Example: You might submit a 4.5 page Word document that is consists of the title page, 3 pages of text/graphs and half page of references.
(Optional) You may include up to 5 additional pages of information about your project in an appendix (as part of the single uploaded file),this could include secondary analysis results that didn’t fit, figures to check your model assumptions, descriptive statistics / figures, extra charts/tables, etc. The optional appendix may be reviewed, but you should not plan on it. Your material in the 3 page report should be self-contained; no information deemed critical to the evaluation of your project should be included in the Appendix.
Your report should be submitted via email as an R Markdown (.Rmd) file and the corresponding rendered output (.pdf) file.
Content
You should not need to present all of the R code that you wrote throughout the process of working on this project. Rather, the technical report should contain the minimal set of R code that is necessary to understand your results and findings in full. If you make a claim, it must be justified by explicit calculation. A knowledgeable reviewer should be able to compile your .Rmd file without modification, and verify every statement that you have made. All of the R code necessary to produce your figures and tables must appear in the technical report. In short, the technical report should enable a reviewer to reproduce your work in full.
The technical report is not simply a dump of all the R code you wrote during this project. Rather, it is a narrative, with technical details, that describes how you addressed your research question. You should not present tables or figures without a written explanation of the information that is supposed to be conveyed by that table or figure.
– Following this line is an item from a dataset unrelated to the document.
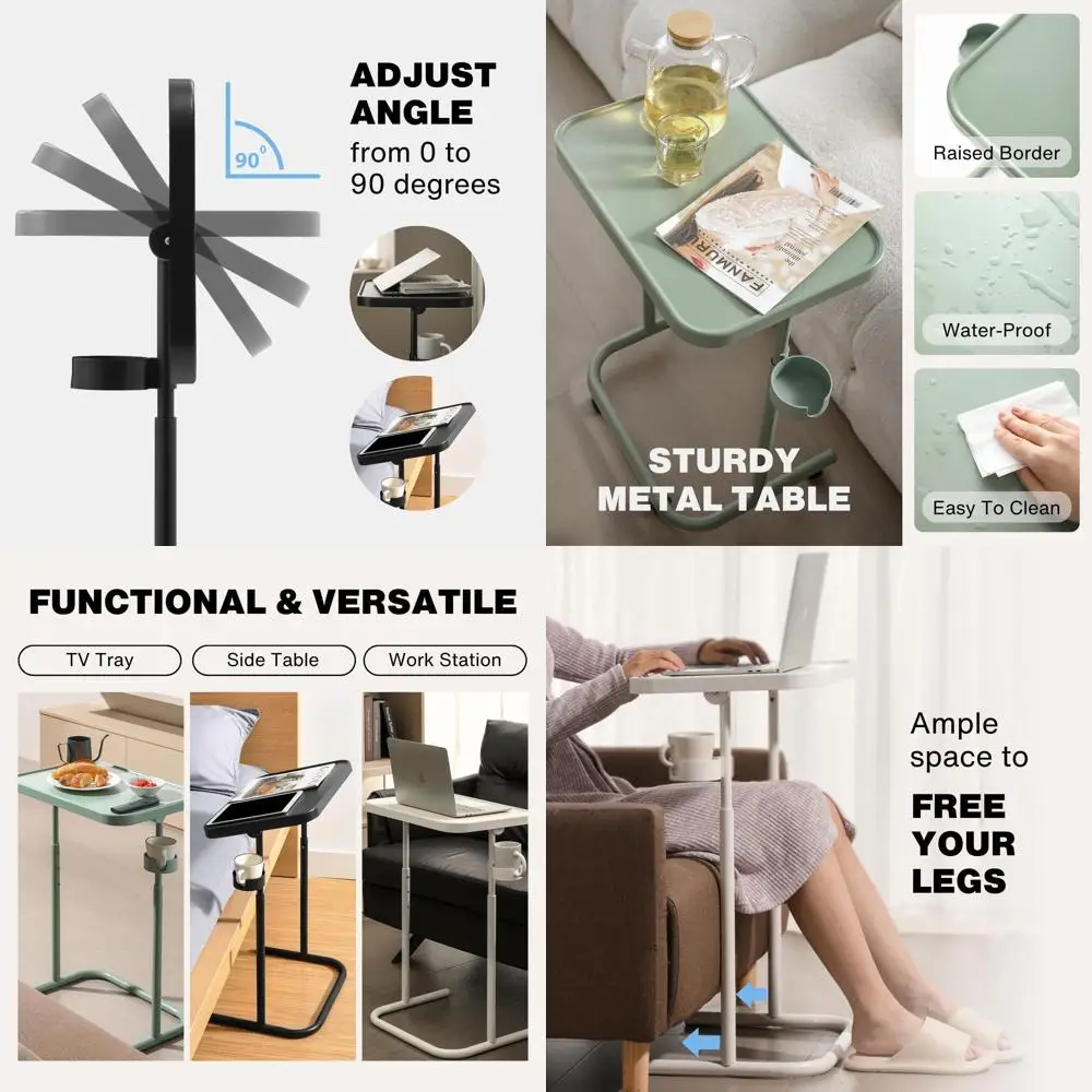 Adjustable Metal TV Tray on Wheels, Side Table with Folding Laptop Desk, 3-Height & 90° Tilt, Portable Overbed Sofa Stand (Charc $55.32

Keep in mind the distinction between data and information. Data is just numbers, whereas information is the result of analyzing that data and digesting it into meaningful ideas that human beings can understand. Your technical report should allow a reviewer to follow your steps from converting data into information. For example, simply displaying a table with the means and standard deviations of your variables is not meaningful. Writing a sentence that reiterates the content of the table (e.g. “the mean of variable xx was 34.5 and the standard deviation was 2.8…”) is equally meaningless. What you should strive to do is interpret these values in context (e.g. “although variables x1 and x2 have similar means, the spread of x1 is much larger, suggesting…”). Think of the text in the result section as a way to walk the reader through your tables / figures and to convey results that are important but not included in a table.
You should present figures and tables in your technical report in context. These items should be understandable on their own – in the sense that they have understandable titles, axis labels, legends, and captions. Someone glancing through your technical report should be able to make sense of your figures and tables without having to read the entire report. That said, you should also include a discussion of what you want the reader to learn from your figures and tables. Use the stargazer
package and consider plotting your results in a figure.
Tone
This document should be written for peer reviewers, who comprehend statistics at least as well as you do. You should aim for a level of complexity that is more statistically sophisticated than an article in the Science section of The New York Times, but less sophisticated than an academic journal. [Chance magazine might provide a good example.] For example, you may use terms that that you will likely never see in the Times(e.g. bootstrap), but should not dwell on technical points with no obvious ramifications for the reader (e.g. reporting F-statistics). Your goal for this paper is to convince a statistically-minded reader (e.g. a student in this class, or a student from another school who has taken an introductory statistics class) that you have addressed an interesting research question in a meaningful way. Even a reader with no background in statistics should be able to read your paper and get the gist of it.